Scrotal abscess (see image below) is an abscess that can be either superficial or intrascrotal. The etiology of superficial scrotal abscess is infected hair follicles and infections of scrotal lacerations or minor scrotal surgeries. An intrascrotal abscess most commonly arises from bacterial epididymitis, but may also be related to tuberculous infection of the epididymis, a testicular abscess that ruptures through the tunica albuginea, or drainage of appendicitis into scrotum through a patent processus vaginalis.
Scrotal abscesses can also occur as a result of extravasation of infected urine from the urethra in patients with a urethral stricture and neurogenic bladder using an external collection device.
Fournier gangrene (necrotizing fasciitis) is a gangrenous process that involves the external genitalia. It often arises from an infection involving the urinary tract or from direct extension from a perirectal source. See image below.
Photomicrograph of Fournier gangrene (necrotizing fasciitis), oil immersion at 1000X magnification. Note the acute inflammatory cells in the necrotic tissue. Bacteria are located in the haziness of their cytoplasm. Courtesy of Billie Fife, MD, and Thomas A. Santora, MD.

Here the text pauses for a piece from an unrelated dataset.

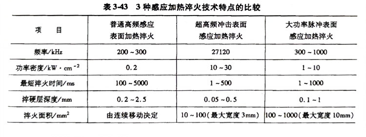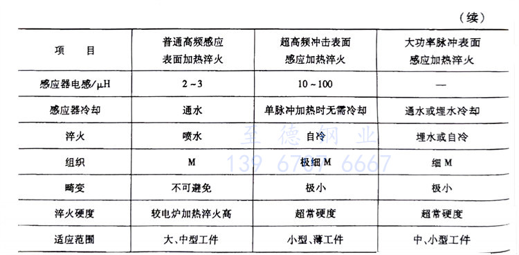高(gao)(gao)頻感(gan)(gan)(gan)應(ying)加熱(re)向著(zhu)超高(gao)(gao)沖擊淬火(huo)和(he)大功(gong)率(lv)脈沖感(gan)(gan)(gan)應(ying)加熱(re)淬火(huo)的方向發展。表3-43是(shi)普通高(gao)(gao)頻感(gan)(gan)(gan)應(ying)表面加熱(re)淬火(huo)、超高(gao)(gao)頻沖擊表面感(gan)(gan)(gan)應(ying)加熱(re)淬火(huo)、大功(gong)率(lv)脈沖表面感(gan)(gan)(gan)應(ying)加熱(re)淬火(huo)的技術(shu)特點比較。

Individuals presenting with a scrotal abscess may have symptoms related to the etiology of the abscess such as symptoms of a urinary tract infection or sexually transmitted disease, such as frequency, urgency, dysuria, penile discharge. The diagnosis of a scrotal abscess is often made by history and physical examination. The scrotum is often erythematous and edematous. Scrotal fluctuance may be palpable. Tenderness of the affected epididymis and/or testis may be present. If epididymitis is the source of the abscess, the scrotal wall may be fixed to the underlying epididymis. Scrotal ultrasound is helpful in diagnosing an intrascrotal abscess when an inflammatory mass is present. Scrotal ultrasound can localize the involvement of the abscess to the scrotal wall, epididymis, and/or testis.
The management of an intrascrotal abscess, regardless of the cause, requires surgical drainage (see image below). The abscess cavities must be opened and drained, including the testis if it is involved. The cavity should be left open and packed. Fournier gangrene (necrotizing fasciitis) requires prompt resuscitation and surgical exploration and debridement as well as aggressive antibiotics. Superficial abscesses also require incision and drainage but may be treated in the emergency room/at the bedside depending on the size of the abscess.
The patient depicted in this image is a man with alcoholism and known cirrhosis who presented with exquisite pain limited to the scrotum. The scrotum has been opened along the median raphe, which liberated foul-smelling brown purulence and exposed necrotic tissue throughout the mid scrotum. The testicles were not involved. Courtesy of Thomas A. Santora, MD.
No contraindications to the drainage of an intrascrotal abscess exist, outside of the patient being too ill to withstand surgery. Patients with Fournier gangrene (necrotizing fasciitis) require aggressive resuscitation and institution of broad-spectrum antibiotics at the time of identification and prompt surgical intervention.